- Dataset section

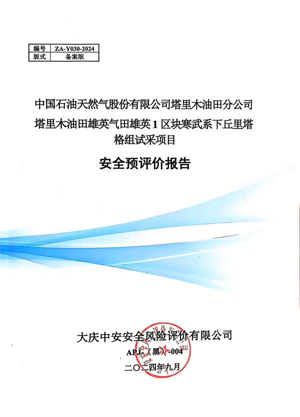 中國(guó)石油天然氣股份有限公司塔里木油田分公司塔里木油田雄英氣田雄英1區(qū)塊寒武系下丘里塔格組試采項(xiàng)目安全預(yù)評(píng)價(jià)報(bào)告 |
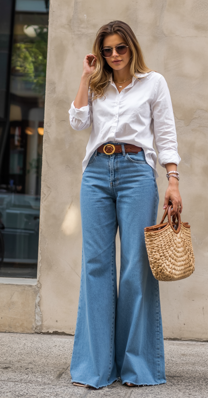 There’s nothing that embodies the feeling of summer quite like a white dress shirt tucked into light blue bell-bottom jeans. The flared legs provide the dramatic swoosh of movement when you walk, but the belt and woven tote bring the outfit firmly back down to earth. Throw in a pair of sunglasses and a scattering of dainty necklaces, and you arrive at a chic yet simple fashion statement that could transition from a city brunch to an evening promenade along the waterfront without so much as a hitch.
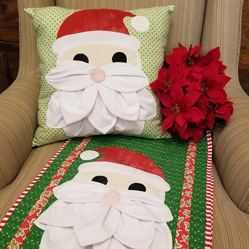 The Petal Pop Santa pattern includes instructions easy-to-follow instructions for both a pillow and table runner, plus a paper petal template. Acrylic petal template available separately.
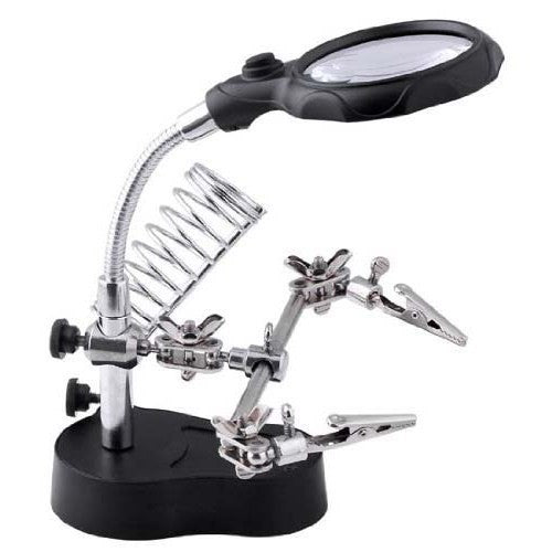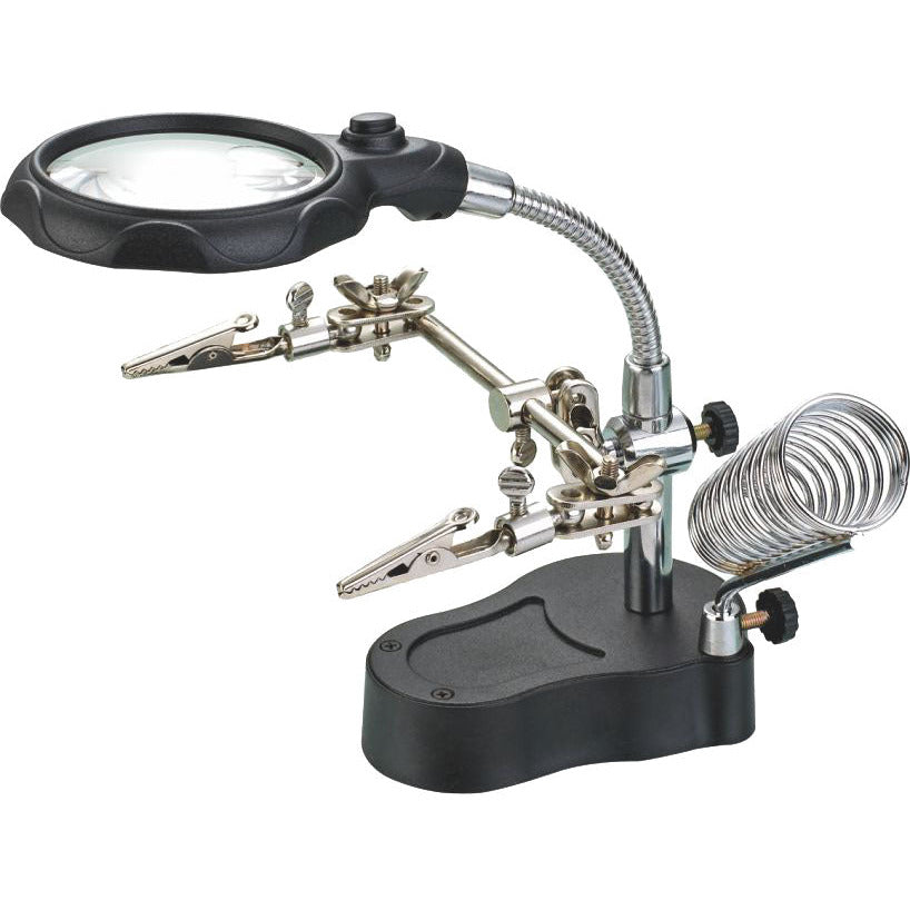 This is the best of the best in helping hand magnifiers. Perfect for anytime you need another pair of "hands" to help you hold the work, while you do the soldering and repairs. Great for electronic repairs, hobbies, jewelry making, and model making.

- What is needed
What is needed is a verbatim copy of the lines from the line with "The Petal Pop" through the last line of the listing, pictures excluded.

- Your solution
 The Petal Pop Santa pattern includes instructions easy-to-follow instructions for both a pillow and table runner, plus a paper petal template. Acrylic petal template available separately.
 This is the best of the best in helping hand magnifiers. Perfect for anytime you need another pair of "hands" to help you hold the work, while you do the soldering and repairs. Great for electronic repairs, hobbies, jewelry making, and model making.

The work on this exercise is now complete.